**What you have to do**
Print the data exactly. Pictures stay out.

━━━━━ Dataset excerpt ━━━━━

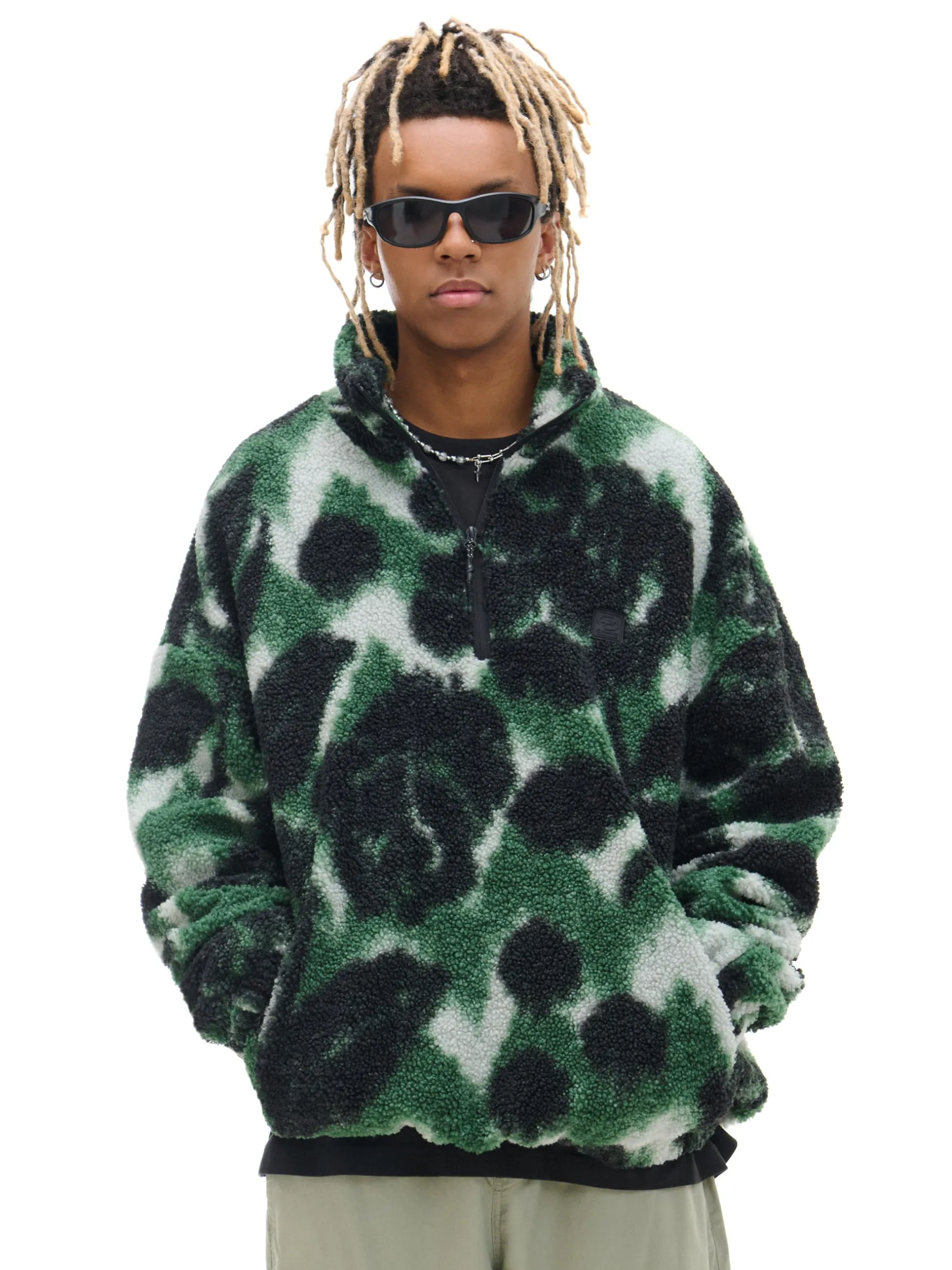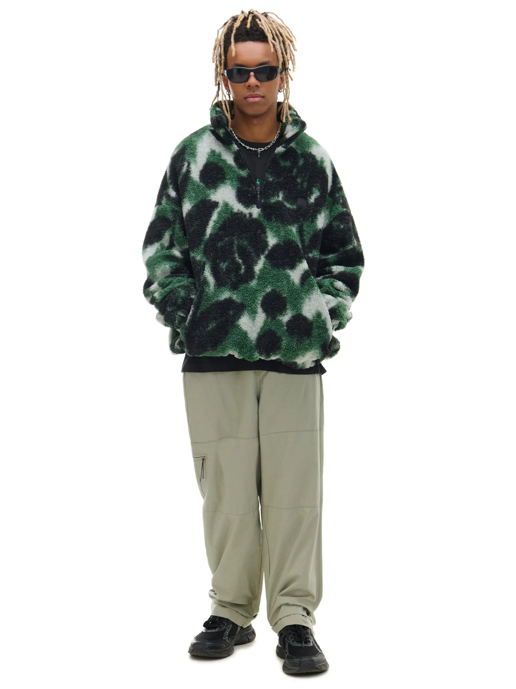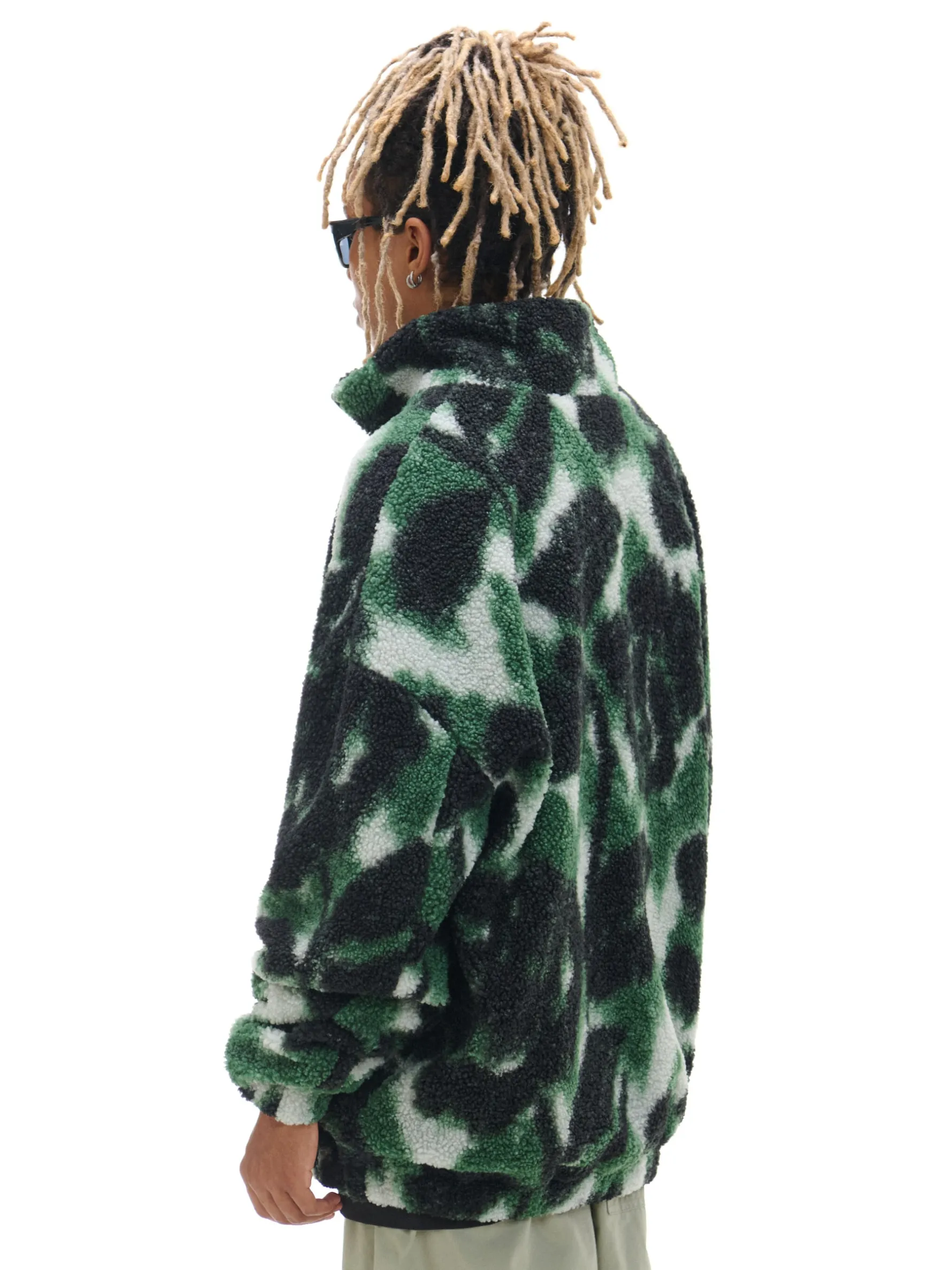 Bluza męska uszyta z imitacji baranka z mozaiki kolorów – zielonego, czarnego i białego. Od wewnątrz otuli Cię miękkie i przyjemne w dotyku wykończenie. Oldschoolowy item w nowoczesnym wydaniu specjalnie dla Ciebie. bluza typu sherpa o regularnym kroju uszyta z miękkiego, pluszowego materiału wykończenie na podszyciu ze sztucznego baranka stójka zapinana na suwak długie rękawy zakończone gumką otwarte kieszenie po bokach efekt tie-dye na całości naszywka Cropp
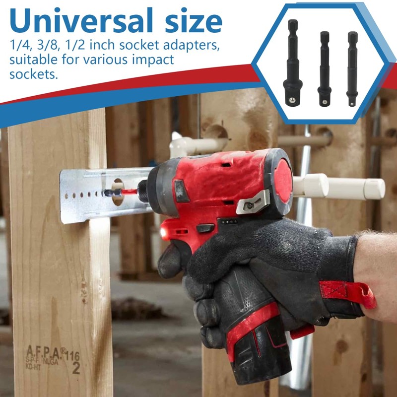 - Sizes: Includes 1/4, 3/8, and 1/2 inch socket adapters to fit various impact sockets.
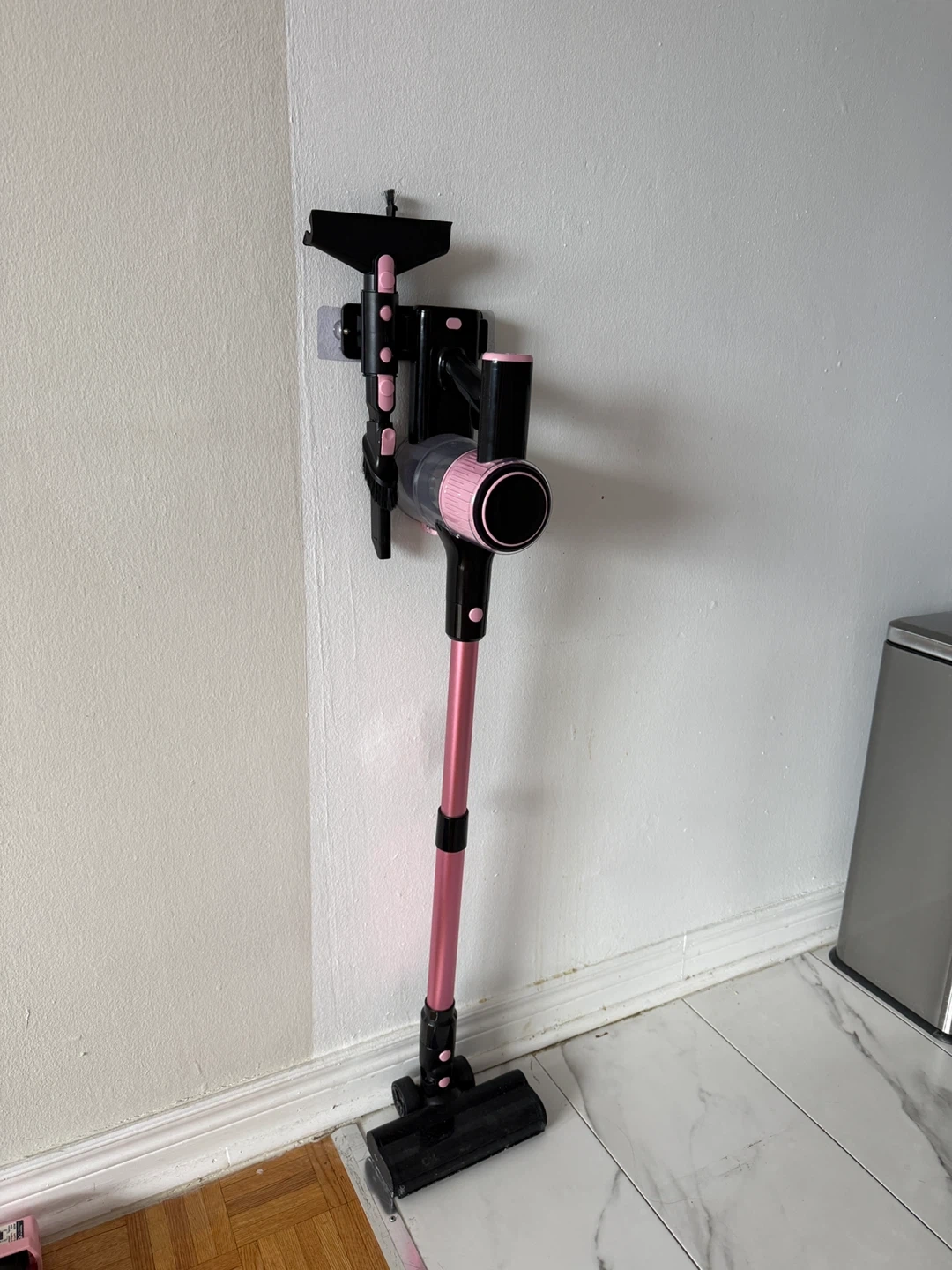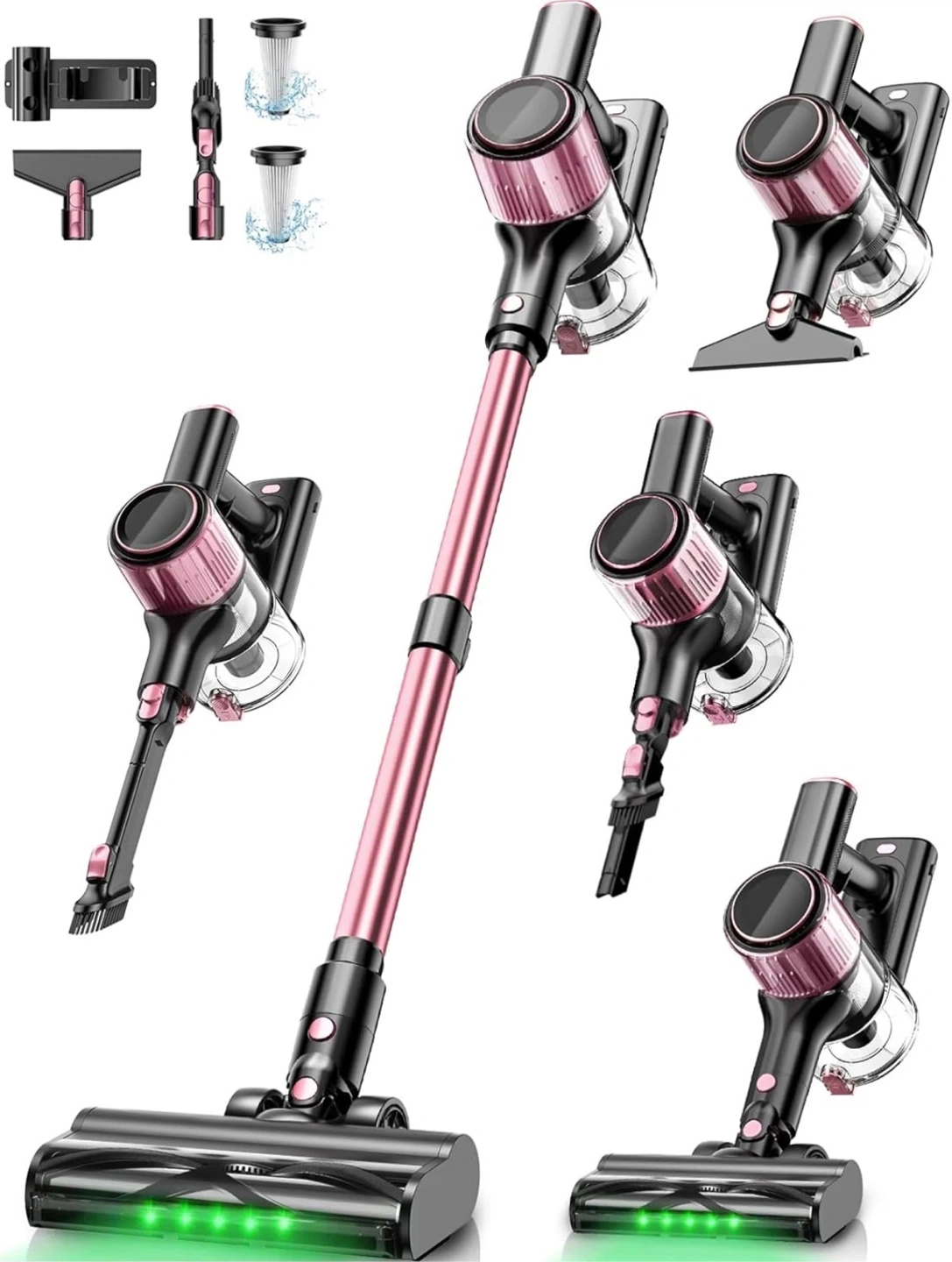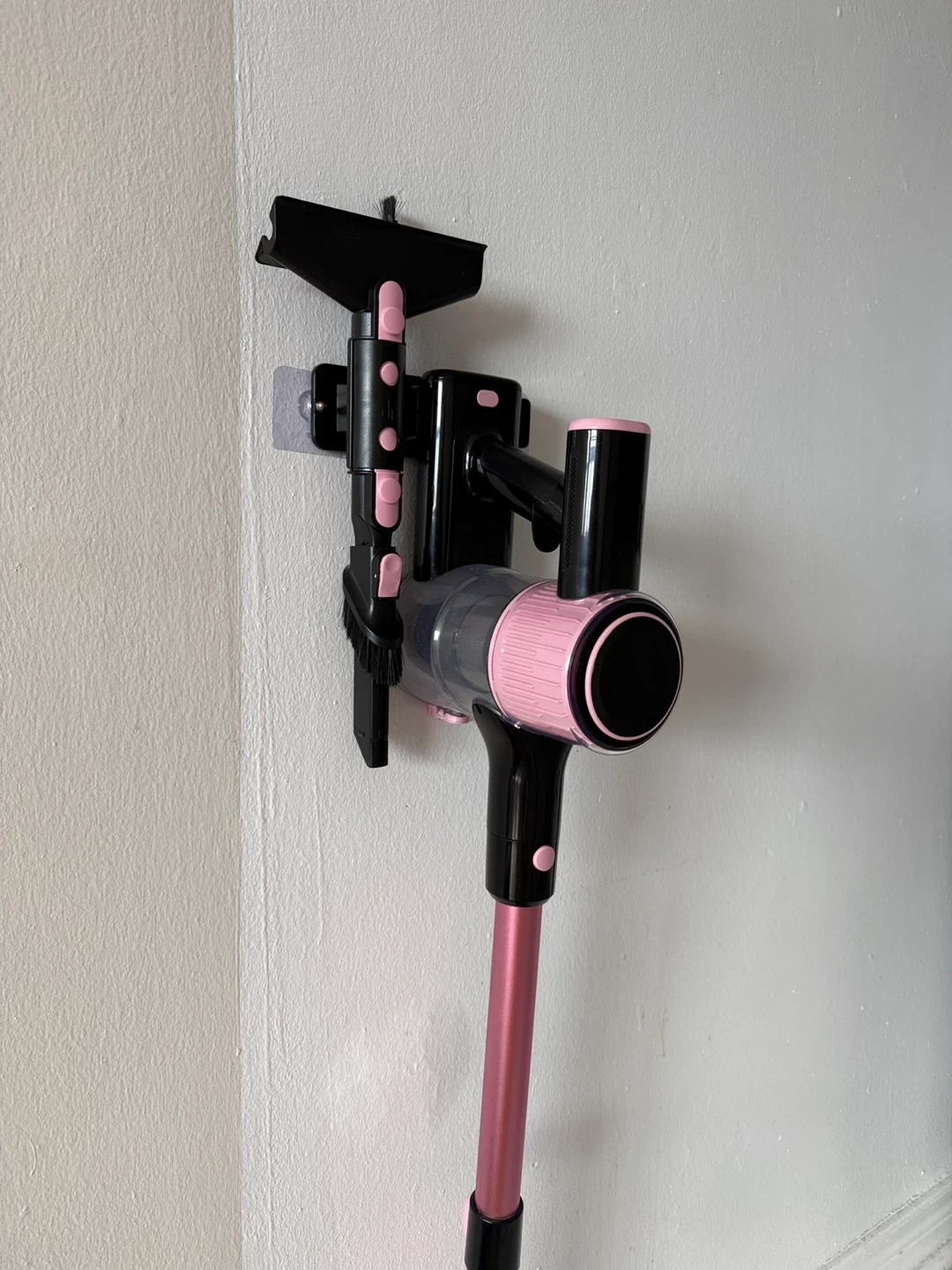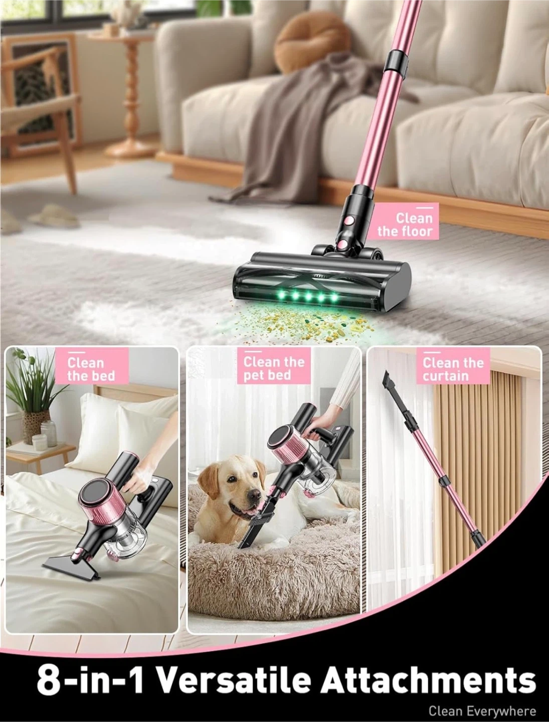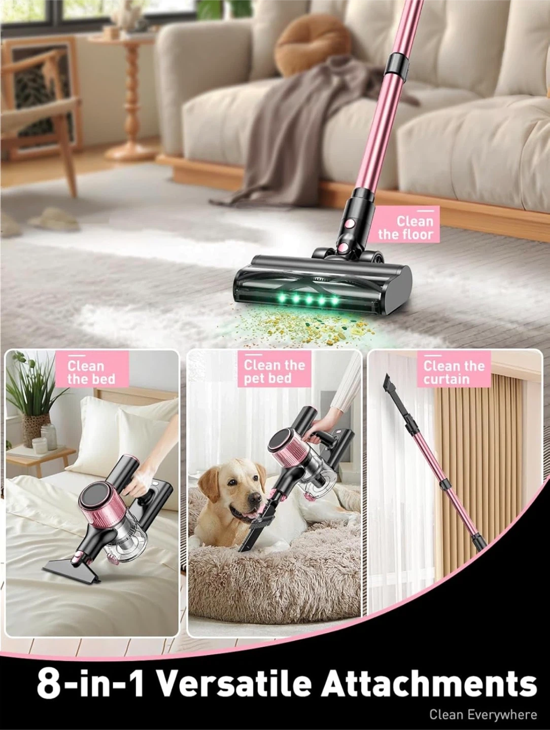 This pink cordless stick vacuum cleaner offers versatile cleaning with 8 attachments. It's great for cleaning floors, beds, pet beds, and even curtains. The lightweight design makes it easy to manoeuvre for all your cleaning needs!

━━━━━

**Output for this exercise**
 Bluza męska uszyta z imitacji baranka z mozaiki kolorów – zielonego, czarnego i białego. Od wewnątrz otuli Cię miękkie i przyjemne w dotyku wykończenie. Oldschoolowy item w nowoczesnym wydaniu specjalnie dla Ciebie. bluza typu sherpa o regularnym kroju uszyta z miękkiego, pluszowego materiału wykończenie na podszyciu ze sztucznego baranka stójka zapinana na suwak długie rękawy zakończone gumką otwarte kieszenie po bokach efekt tie-dye na całości naszywka Cropp
 - Sizes: Includes 1/4, 3/8, and 1/2 inch socket adapters to fit various impact sockets.
 This pink cordless stick vacuum cleaner offers versatile cleaning with 8 attachments. It's great for cleaning floors, beds, pet beds, and even curtains. The lightweight design makes it easy to manoeuvre for all your cleaning needs!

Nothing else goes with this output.